Building a Data-Centric Platform for Generative AI and LLMs

Generative AI and large language models (LLMs) are revolutionizing many aspects of both developer and non-coder productivity with automation of repetitive tasks and fast generation of insights from large amounts of data. Snowflake users are already taking advantage of LLMs to build really cool apps with integrations to web-hosted LLM APIs using external functions, and using Streamlit as an interactive front end for LLM-powered apps such as AI plagiarism detection, AI assistant, and MathGPT.

29.08.2023

3 min

Torsten Grabs, Senior Director of Product Management, Snowflake

Building a Data-Centric Platform for Generative AI and LLMs

When asked what trends are driving data and AI, I explained two broad themes: The first is seeing more models and algorithms getting productionized and rolled out in interactive ways to the end user. And second, with the power to be more pervasive than I can even imagine, is generative AI and LLMs. LLMs have the potential to help both developers and less-technically inclined users make sense of the world’s data.

LLM applicability is quickly evolving, and business and technical leaders are realizing that to make these technologies drive long-term impact, they need to move fast and leverage the latest models, which should be customized with internal data without compromising security.

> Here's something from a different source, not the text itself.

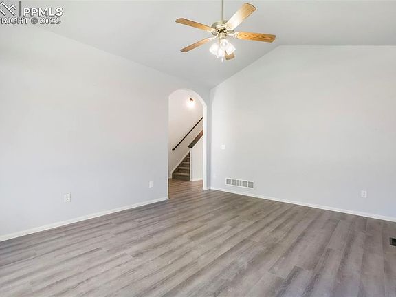 READY TO MOVE IN NOW! NEW LVT! NEW CARPET! Welcome to this fantastic home in the heart of Woodmen Hills! Lovingly maintained since it was built, this 4-bedroom, 4-bathroom home offers comfort, space, and an excellent location with an easy commute to anywhere in town. Featuring vaulted ceilings and multiple living or dining areas, the flexible floor plan offers a variety of options to fit your lifestyle. The main level includes a bright front living room that can easily serve as an office or formal dining space, an updated kitchen with stainless steel appliances, and a cozy eat-in dining area. Just a few steps down is a spacious family room and convenient half bath. Upstairs, you’ll find a generous primary suite with a walk-in closet and private en suite bath, two additional bedrooms, a full bath, and a laundry room for added convenience. The finished basement offers a large rec room, a fourth bedroom, and another full bath. Enjoy the benefits of new luxury vinyl flooring in the main living areas and bathrooms, along with new carpet throughout the rest of the home. The fully fenced backyard is large and flat, ideal for entertaining or relaxing. A/C and a slightly oversized 2-car garage complete the package. Don’t miss this beautiful, move-in ready home.
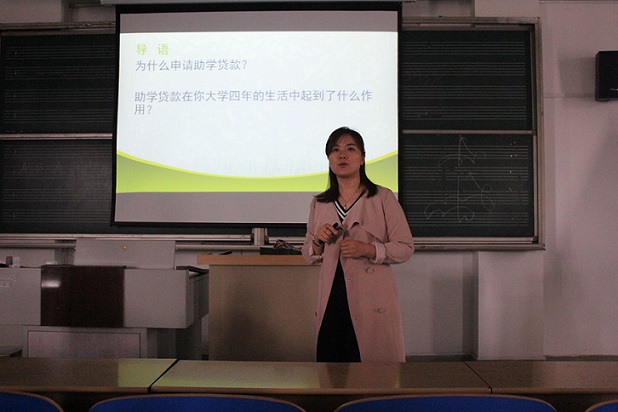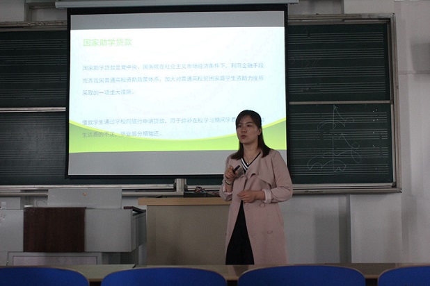 首先余洁将国家大学生资助政策向同学们做了详细的介绍,使大一新生对我校的助学政策有了初步的了解。最后又分别从为什么申请助学贷款、怎样申请助学贷款和毕业还款三个方面进行一一详细的说明。与此同时,余洁老师还对前来询问的同学给予了耐心细致地解答。

Protecting sensitive or proprietary data such as source code, PII, internal documents, wikis, code bases, and other sensitive data sets, along with prompts, used to contextualize the LLMs is particularly important.

From inception, Snowflake has had a clear focus on security and governance of data by bringing compute to the data as opposed to creating new copies and additional silos. This focus shaped our approach to Snowpark, and our approach to LLMs is no different. In doing so, without compromising security or governance, we enable customers and partners to bring the power of LLMs to the data to help achieve two things: make enterprises smarter about their data and enhance user productivity in secure and scalable ways.

Running LLMs in Snowflake to accelerate time to insights

Unstructured data within documents, emails, web pages, images, and more is one of the fastest-growing data types, but there’s still no easy way to aggregate that data and perform analysis on it to derive valuable insights from it. To continue bringing to life the vision of the Snowflake Data Cloud to securely offer, discover, and consume all types of governed data, we completed the acquisition of Applica, winner of the Document Visual Question Answering Challenge with an innovative TILT (Text-Image-Layout-Transformer) model—a purpose-built, multi-modal LLM for document intelligence.

Visual Question Answering Challenge data types and results.

To make unstructured data more functional, we continue to put the preview integration of Applica’s groundbreaking LLM technology in the hands of customers to minimize the amount of manual document labeling and annotation that organizations need to fine-tune models specific to their documents.

Applica is just one example of many leading LLMs that customers can run inside of Snowflake in a secure and compliant way. Stay tuned for more news in this area at our Summit in Vegas.

A wave of ways to make more users more productive

As more companies center their growth opportunities around digital strategies and the number of developers continues to grow, LLMs provide an opportunity to increase their productivity by reducing the need for manual coding of repetitive or boilerplate tasks—an opportunity Snowflake developers will not be excluded from. To find the data you need and derive insights in the shortest time, we are developing code autocomplete, text-to-code, and text-to-visualizations in Snowflake worksheets for both SQL and Python. And to maximize the productivity of Snowflake customers, we are also developing LLM-powered search experiences across all of Snowflake from our documentation to Snowflake Marketplace.

Usage of LLMs by the vast majority of non-coding employees within a company can generate much greater efficiencies in the organization. A common barrier to AI adoption for non-coding business teams has been the complexity of AI. The use of LLMs was no different until chatGPT showed the world how, through an interactive application, anyone could leverage the power of these models. This gap between LLMs and the people that can use them, including non-technical colleagues, is one that Streamlit is designed to bridge. In as few as 25 lines of code, anyone can build an application that provides an interface for better guided prompting and interaction with LLMs, such as the GPT3 dataset generator.

And as we continue to integrate Streamlit to run natively in Snowflake, the experience of both building and deploying apps powered by any LLM will become more secure, scalable, and enjoyable.

Bringing the power of LLMs to the data

Snowflake is quickly putting built-in functionality to distill insights from unstructured data, LLM-powered user experiences, and infrastructure for leading LLMs and their front-end applications directly into the hands of customers. To achieve all this, we continue to build with a clear focus on the security and governance of data by bringing the work—in this case the LLMs—to the data.